----- TASK MATERIAL -----
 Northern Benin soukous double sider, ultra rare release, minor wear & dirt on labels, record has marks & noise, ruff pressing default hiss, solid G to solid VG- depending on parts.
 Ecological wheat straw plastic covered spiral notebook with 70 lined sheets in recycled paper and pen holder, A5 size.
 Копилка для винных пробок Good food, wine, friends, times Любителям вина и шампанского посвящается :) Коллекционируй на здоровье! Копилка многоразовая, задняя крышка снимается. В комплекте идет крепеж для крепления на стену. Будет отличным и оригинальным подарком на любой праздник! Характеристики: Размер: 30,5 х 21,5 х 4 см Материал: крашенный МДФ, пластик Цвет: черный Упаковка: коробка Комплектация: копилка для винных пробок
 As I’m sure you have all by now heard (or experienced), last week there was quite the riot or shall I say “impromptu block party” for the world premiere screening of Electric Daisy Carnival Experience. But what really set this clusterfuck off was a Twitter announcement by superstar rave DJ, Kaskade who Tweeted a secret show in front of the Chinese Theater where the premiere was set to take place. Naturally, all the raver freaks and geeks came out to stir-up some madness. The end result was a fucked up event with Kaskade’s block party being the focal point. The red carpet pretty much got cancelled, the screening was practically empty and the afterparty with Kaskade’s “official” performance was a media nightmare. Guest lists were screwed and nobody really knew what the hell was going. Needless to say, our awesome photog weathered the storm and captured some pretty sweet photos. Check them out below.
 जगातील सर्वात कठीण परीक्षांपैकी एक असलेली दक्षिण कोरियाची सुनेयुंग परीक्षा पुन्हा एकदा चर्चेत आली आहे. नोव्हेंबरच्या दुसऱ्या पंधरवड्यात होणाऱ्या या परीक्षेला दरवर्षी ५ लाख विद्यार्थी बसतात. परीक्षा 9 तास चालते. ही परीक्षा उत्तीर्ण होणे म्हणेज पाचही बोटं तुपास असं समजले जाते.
-----
----- TASK MATERIAL -----
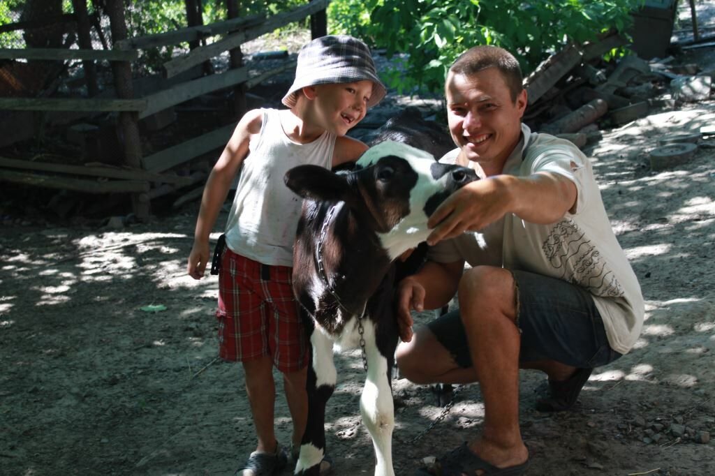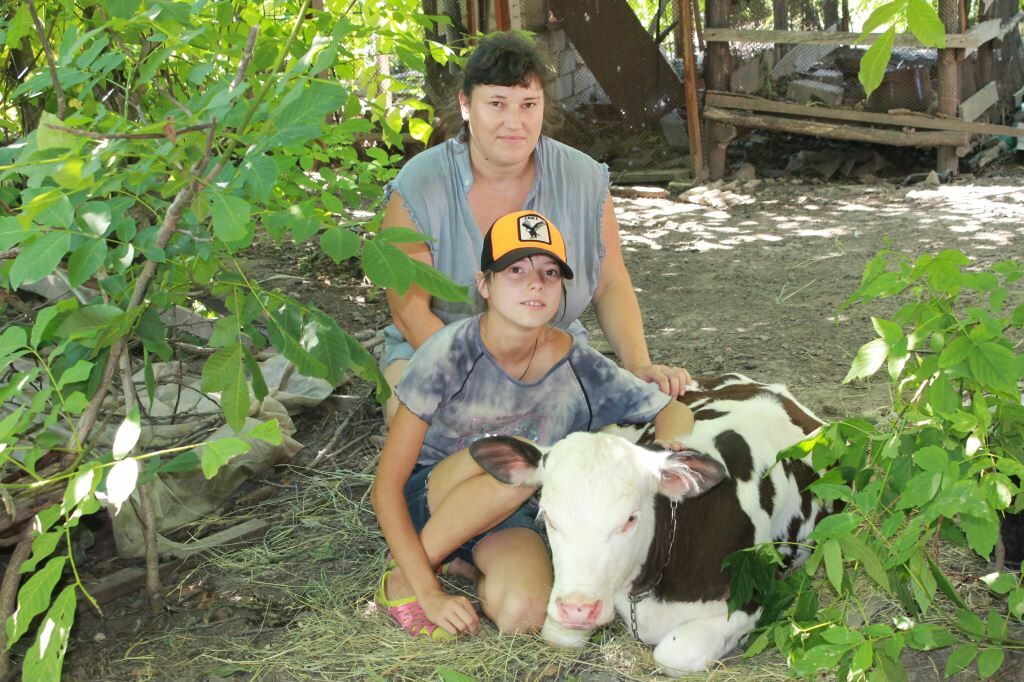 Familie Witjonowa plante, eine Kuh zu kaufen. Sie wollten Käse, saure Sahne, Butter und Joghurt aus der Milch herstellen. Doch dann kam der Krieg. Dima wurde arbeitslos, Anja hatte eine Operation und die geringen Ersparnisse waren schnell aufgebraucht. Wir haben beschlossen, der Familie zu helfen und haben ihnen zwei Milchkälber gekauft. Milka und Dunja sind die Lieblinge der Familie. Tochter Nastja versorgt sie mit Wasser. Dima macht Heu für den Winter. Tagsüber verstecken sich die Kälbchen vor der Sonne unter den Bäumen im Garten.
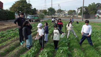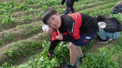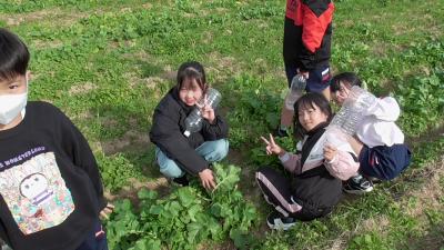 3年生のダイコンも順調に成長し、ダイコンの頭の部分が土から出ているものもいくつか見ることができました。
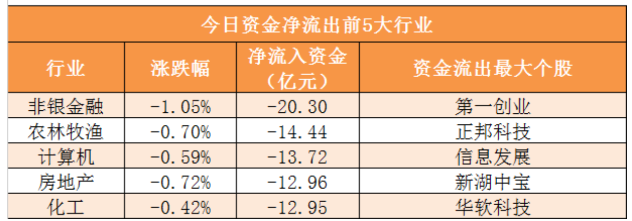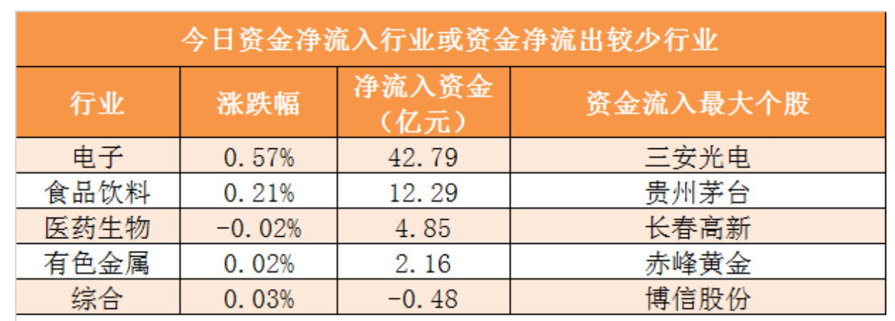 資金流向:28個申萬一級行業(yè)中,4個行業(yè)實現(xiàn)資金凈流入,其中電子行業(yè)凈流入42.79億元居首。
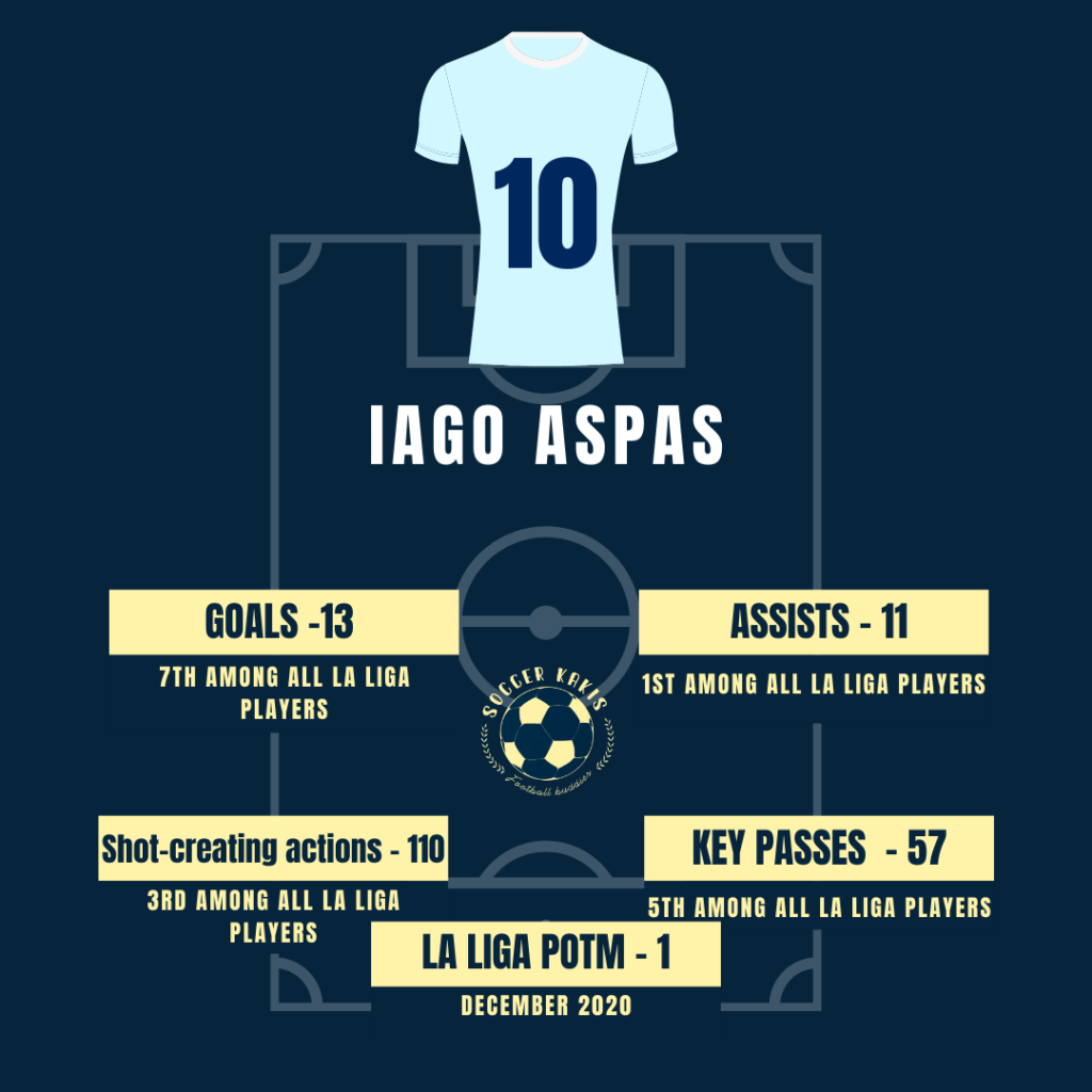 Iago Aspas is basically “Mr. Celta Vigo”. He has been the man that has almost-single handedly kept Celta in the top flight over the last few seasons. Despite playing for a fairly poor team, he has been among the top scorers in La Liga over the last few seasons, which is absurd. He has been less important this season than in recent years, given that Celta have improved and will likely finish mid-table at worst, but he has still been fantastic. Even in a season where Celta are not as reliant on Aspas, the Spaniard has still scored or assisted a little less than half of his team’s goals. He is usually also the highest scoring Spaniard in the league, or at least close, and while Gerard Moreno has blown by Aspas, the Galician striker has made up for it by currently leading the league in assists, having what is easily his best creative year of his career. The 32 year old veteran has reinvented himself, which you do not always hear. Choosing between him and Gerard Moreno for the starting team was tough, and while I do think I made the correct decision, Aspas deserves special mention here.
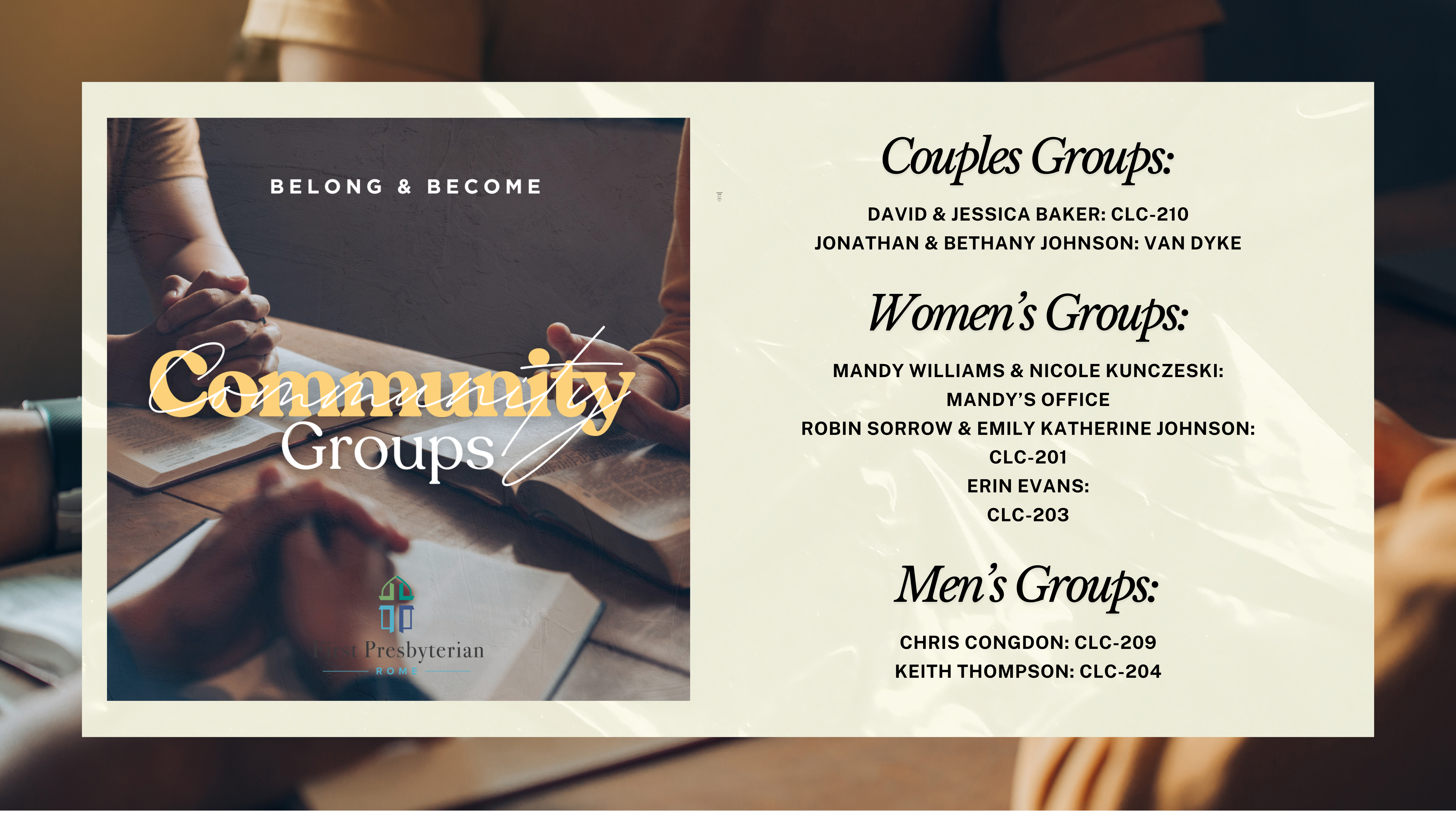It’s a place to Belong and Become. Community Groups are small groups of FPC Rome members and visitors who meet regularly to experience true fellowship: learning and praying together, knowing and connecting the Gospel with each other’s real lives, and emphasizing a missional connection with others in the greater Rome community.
-----
**HOW TO COMPLETE THIS TASK:** For this exercise, please output exactly the lines above starting at the line with "Northern Benin soukous" and ending at the line with "Ecological wheat straw", ends included.

**EXERCISE ANSWER:**
 Northern Benin soukous double sider, ultra rare release, minor wear & dirt on labels, record has marks & noise, ruff pressing default hiss, solid G to solid VG- depending on parts.
 Ecological wheat straw plastic covered spiral notebook with 70 lined sheets in recycled paper and pen holder, A5 size.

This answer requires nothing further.